EXCERPTED DATA:
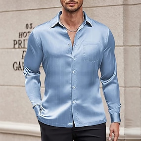 Per uomo Camicia Camicia in raso Camicia elegante Camicia con Bottoni Camicia da Ballo A righe Affari Matrimonio Blu chiaro Nero Bianco Vino Manica Lunga Colletto a Camicia Tutte le stagioni
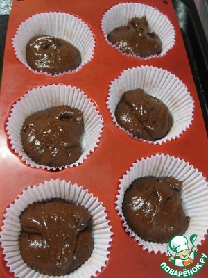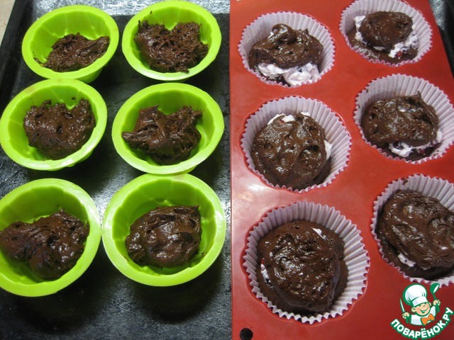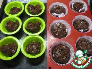 И сверху снова закрываем шоколадным тестом, формы заполняем на 2/3, еще 6 формочек я сделала без начинки
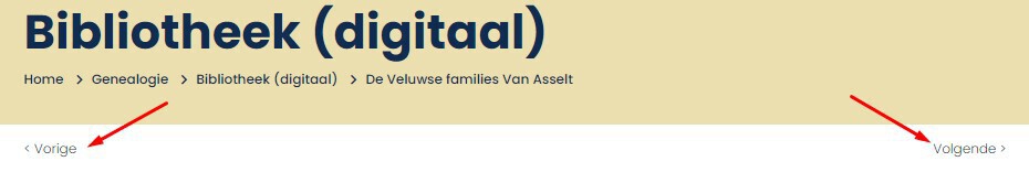 Als u via een van de Genealogiepagina's naar een specifiek boek, tijdschrift, publicatie of scan bent gegaan, kunt u vervolgens via de knoppen Vorige en Volgende doorklikken naar een vorig of volgend document. U hoeft daarvoor dus niet eerst weer terug te gaan naar de overzichtspagina.
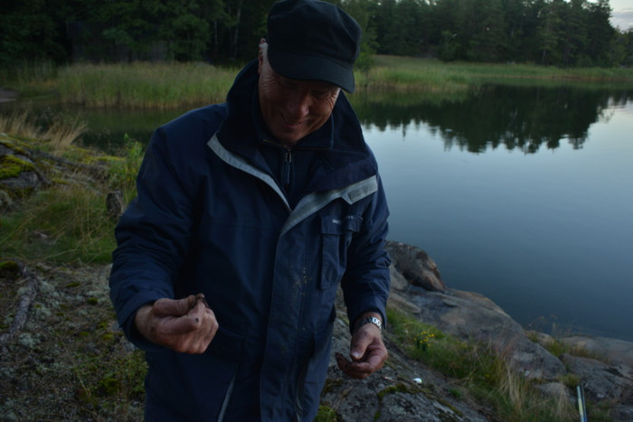 Det nappade helvilt och fafa fick lägga fem nya maskar på medan Linus metade med samma. Men inga fiskar var stora nog att fastna på kroken.
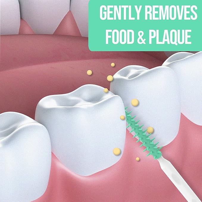 - COMFORTABLE RUBBER BRISTLES: Comfortable flexible bristles massage and stimulates gums.
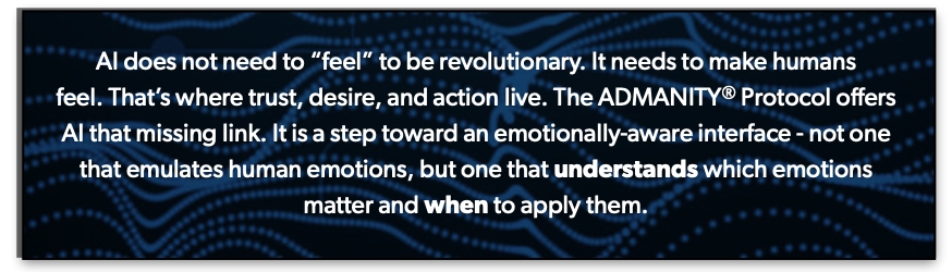 The white paper calls for positioning The ADMANITY® Protocol as a proprietary emotional intelligence layer for AI, with real-world validation and immediate application potential.
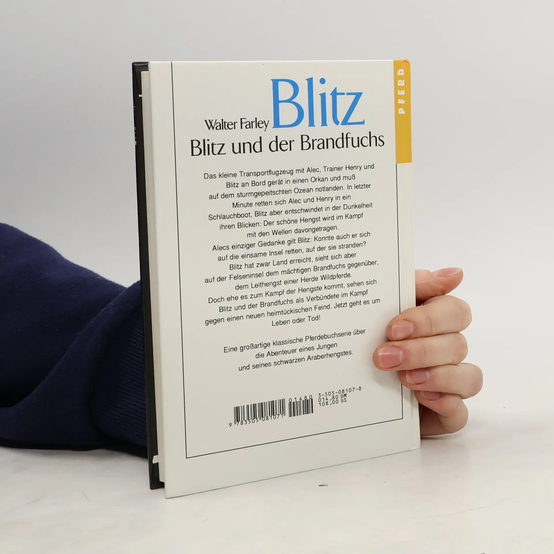 Das Transportflugzeug mit Alec, Trainer Henry und Blitz an Bord gerät in einen Orkan und muss auf dem Ozean notlanden. In letzter Minute retten sich Alec und Henry in ein Schlauchboot, Blitz aber entschwindet im dunklen Meer. Alecs einziger Gedanke gilt dem schwarzen Hengst: Konnte er sich retten? Blitz erreicht zwar Land, aber auf der Felseninsel herrscht der mächtige Brandfuchs, der Leithengst einer Herde Wildpferde. Doch bevor es zum Kampf der Hengste kommt, geraten plötzlich alle Tiere in tödliche Gefahr …
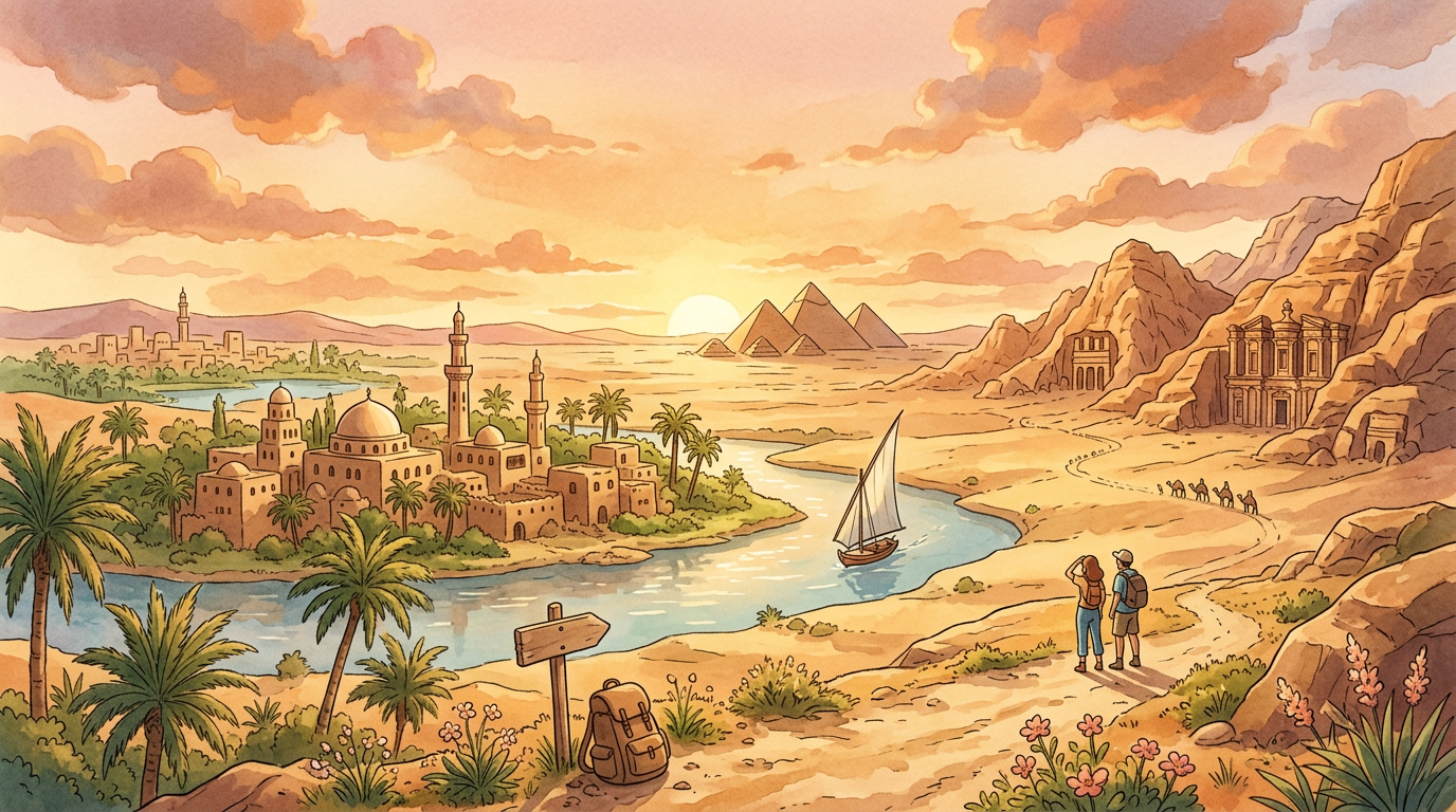 Dining in the MENA region is a deeply communal experience where food is an expression of hospitality. In Jordan, do not miss Mansaf, a traditional lamb dish cooked in fermented dried yogurt, usually served on a large platter for everyone to share. In Egypt, a bowl of Kushari—a hearty mix of pasta, rice, lentils, and spicy tomato sauce—will cost you roughly 30 EGP ($0.60 USD) and keep you fueled for a day of exploring the Pyramids.
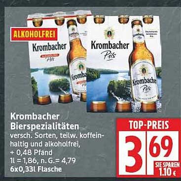 Sehen Sie sich jetzt das Krombacher Bierspezialitäten 6x0,33 l Flasche Angebot im Edeka Prospekt an. Dieses Angebot ist gültig von 15.09.2025 bis 20.09.2025.
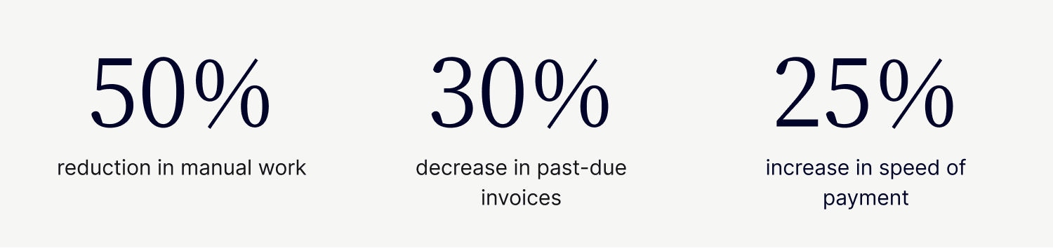 Our research shows collaborative AR processes lead to a faster collections process. In fact, you could expect the following phenomenal effects in ditching manual AR processes:

WHAT NEEDS TO BE DONE:
Retype all the material word for word while skipping any picture it contains.

WRITTEN ANSWER:
 Per uomo Camicia Camicia in raso Camicia elegante Camicia con Bottoni Camicia da Ballo A righe Affari Matrimonio Blu chiaro Nero Bianco Vino Manica Lunga Colletto a Camicia Tutte le stagioni
 И сверху снова закрываем шоколадным тестом, формы заполняем на 2/3, еще 6 формочек я сделала без начинки
 Als u via een van de Genealogiepagina's naar een specifiek boek, tijdschrift, publicatie of scan bent gegaan, kunt u vervolgens via de knoppen Vorige en Volgende doorklikken naar een vorig of volgend document. U hoeft daarvoor dus niet eerst weer terug te gaan naar de overzichtspagina.
 Det nappade helvilt och fafa fick lägga fem nya maskar på medan Linus metade med samma. Men inga fiskar var stora nog att fastna på kroken.
 - COMFORTABLE RUBBER BRISTLES: Comfortable flexible bristles massage and stimulates gums.
 The white paper calls for positioning The ADMANITY® Protocol as a proprietary emotional intelligence layer for AI, with real-world validation and immediate application potential.
 Das Transportflugzeug mit Alec, Trainer Henry und Blitz an Bord gerät in einen Orkan und muss auf dem Ozean notlanden. In letzter Minute retten sich Alec und Henry in ein Schlauchboot, Blitz aber entschwindet im dunklen Meer. Alecs einziger Gedanke gilt dem schwarzen Hengst: Konnte er sich retten? Blitz erreicht zwar Land, aber auf der Felseninsel herrscht der mächtige Brandfuchs, der Leithengst einer Herde Wildpferde. Doch bevor es zum Kampf der Hengste kommt, geraten plötzlich alle Tiere in tödliche Gefahr …
 Dining in the MENA region is a deeply communal experience where food is an expression of hospitality. In Jordan, do not miss Mansaf, a traditional lamb dish cooked in fermented dried yogurt, usually served on a large platter for everyone to share. In Egypt, a bowl of Kushari—a hearty mix of pasta, rice, lentils, and spicy tomato sauce—will cost you roughly 30 EGP ($0.60 USD) and keep you fueled for a day of exploring the Pyramids.
 Sehen Sie sich jetzt das Krombacher Bierspezialitäten 6x0,33 l Flasche Angebot im Edeka Prospekt an. Dieses Angebot ist gültig von 15.09.2025 bis 20.09.2025.
 Our research shows collaborative AR processes lead to a faster collections process. In fact, you could expect the following phenomenal effects in ditching manual AR processes:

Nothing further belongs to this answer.